SUPPLIED ENTRIES >>
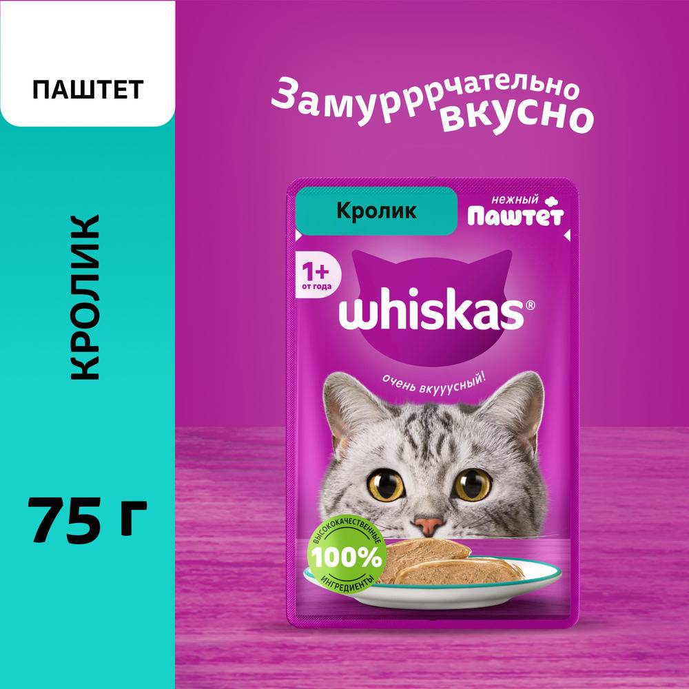 Аппетитный паштет с кроликом подарит вашей любимице настоящее удовольствие. Рацион Whiskas® содержит все необходимое, чтобы еда вашей кошки была не только вкусной, но и полезной. Whiskas® поддержит иммунитет, позаботится о здоровом пищеварении и здоровье кожи и шерсти вашей кошки. Подходит для стерилизованных котов и кошек.
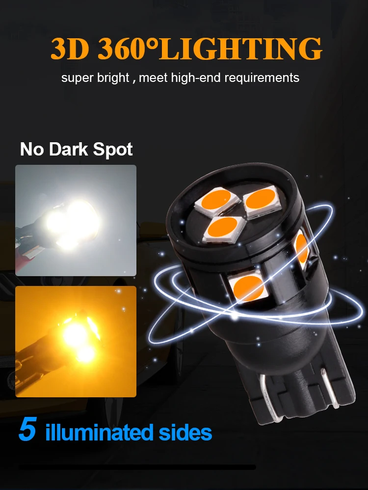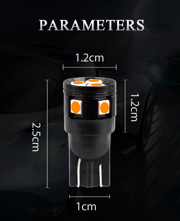 Диапазон напряжения: 12-24 В постоянного тока Мощность: 5 Вт Тип основания: T10 Люмен: 150 лм Чип: 8 шт. 3030SMD чипы Цвет светильника: белый, желтый В комплект входит: 2 шт. T10 автомобильный сигнал поворота
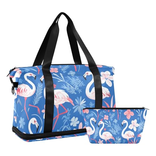 Pink Flamingos Blue Flowers Large Bag with Wet Pocket Adjustable Strap Sports Gym Tote Bag for Workout Large Capacity for Men Women
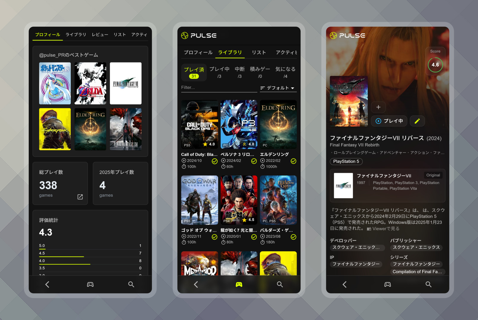 ゲーム記録・管理サービス「PULSE」,2025年2月6日に正式リリース。ランキングをつけたり,評価したりして自分だけのライブラリを制作&共有
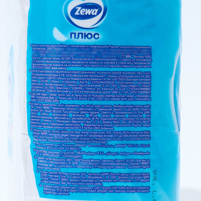 Туалетная бумага Zewa Плюс белая двухслойная 4 рул., белый, отсутствует
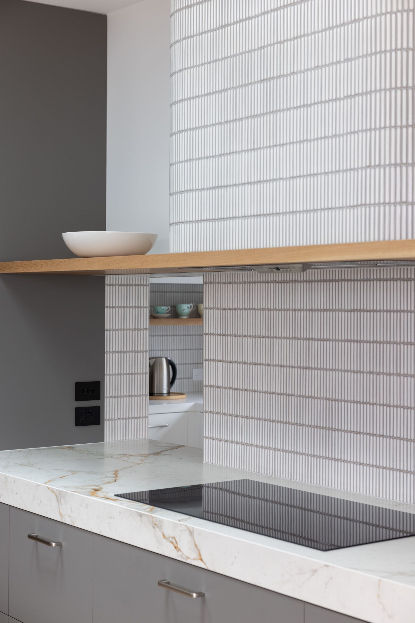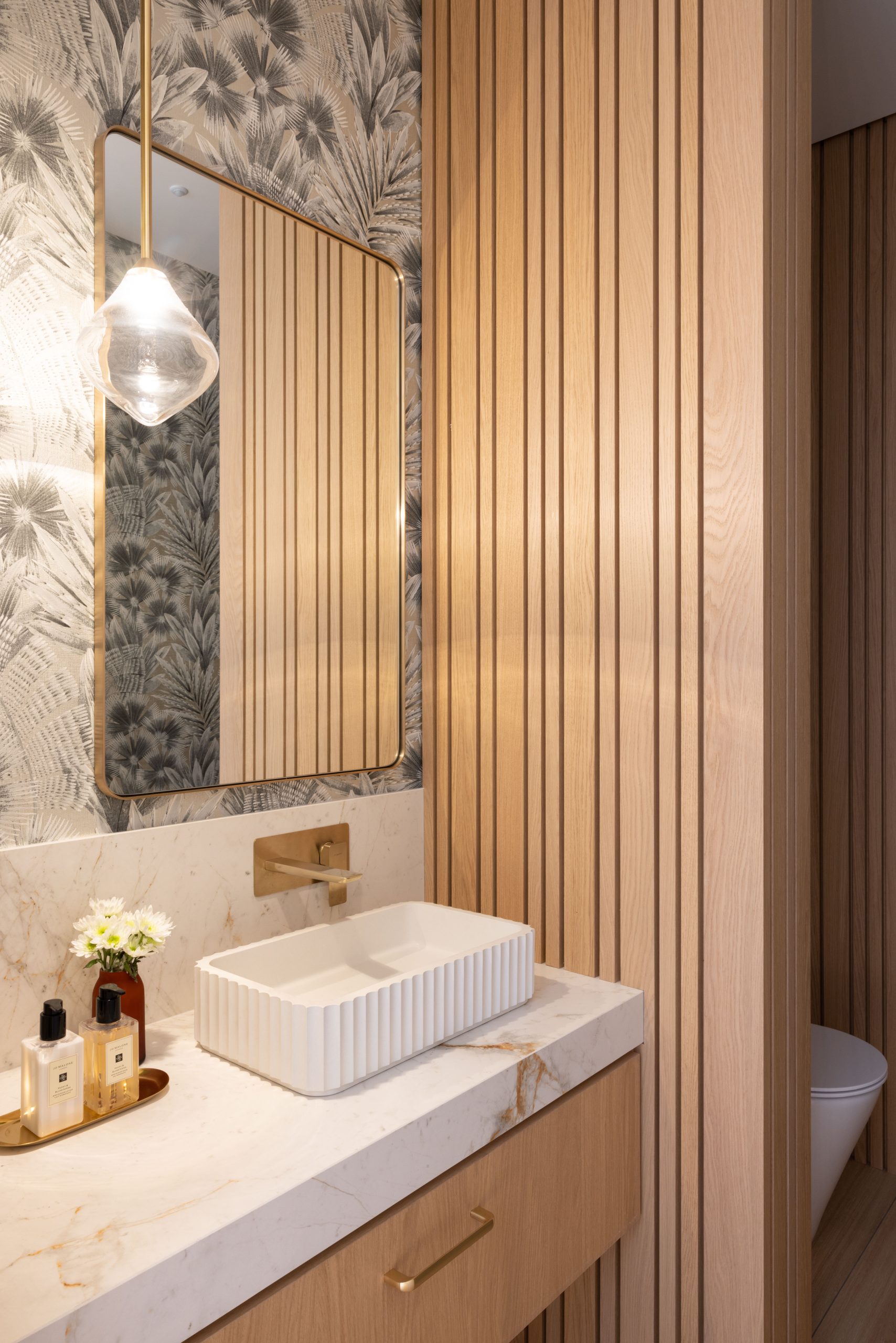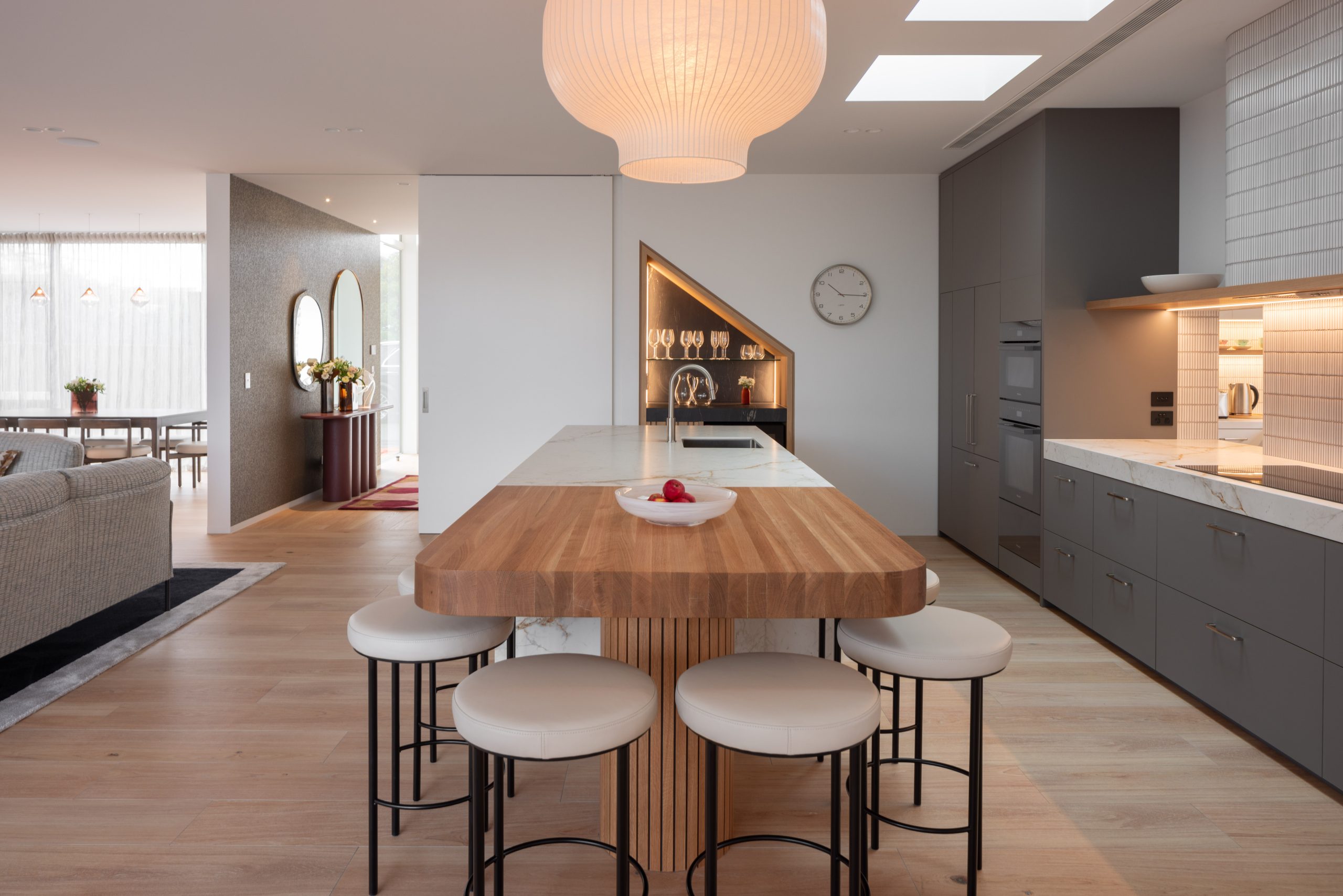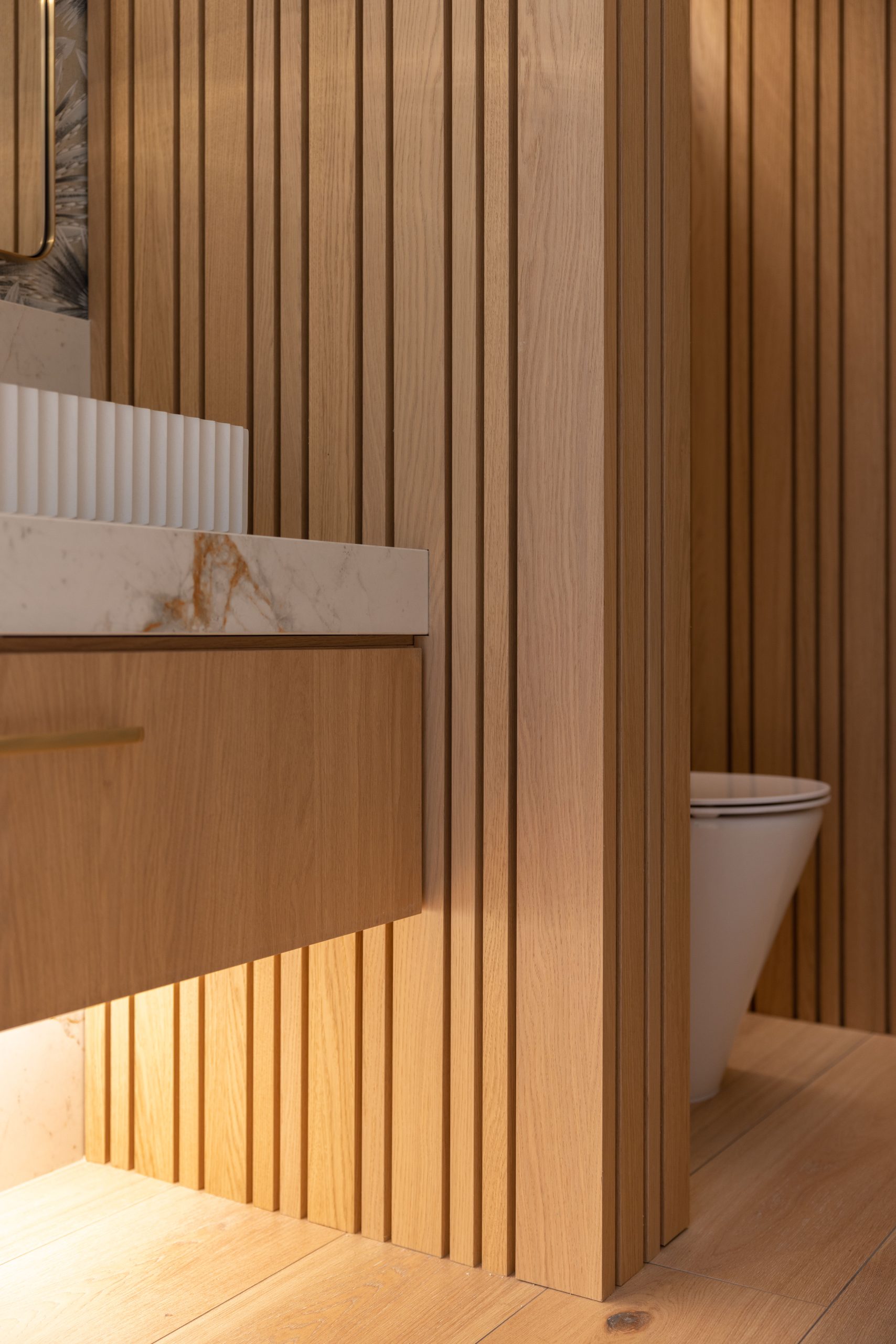 Within the entry hall space into Gordon’s office a hidden entry door was concealed into the timber panelling adding a sense of surprise, while the mix of dark and light timbers throughout the home brings everything together. Joinery fluted finishes, and thoughtful LED lighting added.

DIRECTIONS FOR THIS TASK >> Transcribe each line above exactly, pictures excluded.

RESPONSE >>
 Аппетитный паштет с кроликом подарит вашей любимице настоящее удовольствие. Рацион Whiskas® содержит все необходимое, чтобы еда вашей кошки была не только вкусной, но и полезной. Whiskas® поддержит иммунитет, позаботится о здоровом пищеварении и здоровье кожи и шерсти вашей кошки. Подходит для стерилизованных котов и кошек.
 Диапазон напряжения: 12-24 В постоянного тока Мощность: 5 Вт Тип основания: T10 Люмен: 150 лм Чип: 8 шт. 3030SMD чипы Цвет светильника: белый, желтый В комплект входит: 2 шт. T10 автомобильный сигнал поворота
 Pink Flamingos Blue Flowers Large Bag with Wet Pocket Adjustable Strap Sports Gym Tote Bag for Workout Large Capacity for Men Women
 ゲーム記録・管理サービス「PULSE」,2025年2月6日に正式リリース。ランキングをつけたり,評価したりして自分だけのライブラリを制作&共有
 Туалетная бумага Zewa Плюс белая двухслойная 4 рул., белый, отсутствует
 Within the entry hall space into Gordon’s office a hidden entry door was concealed into the timber panelling adding a sense of surprise, while the mix of dark and light timbers throughout the home brings everything together. Joinery fluted finishes, and thoughtful LED lighting added.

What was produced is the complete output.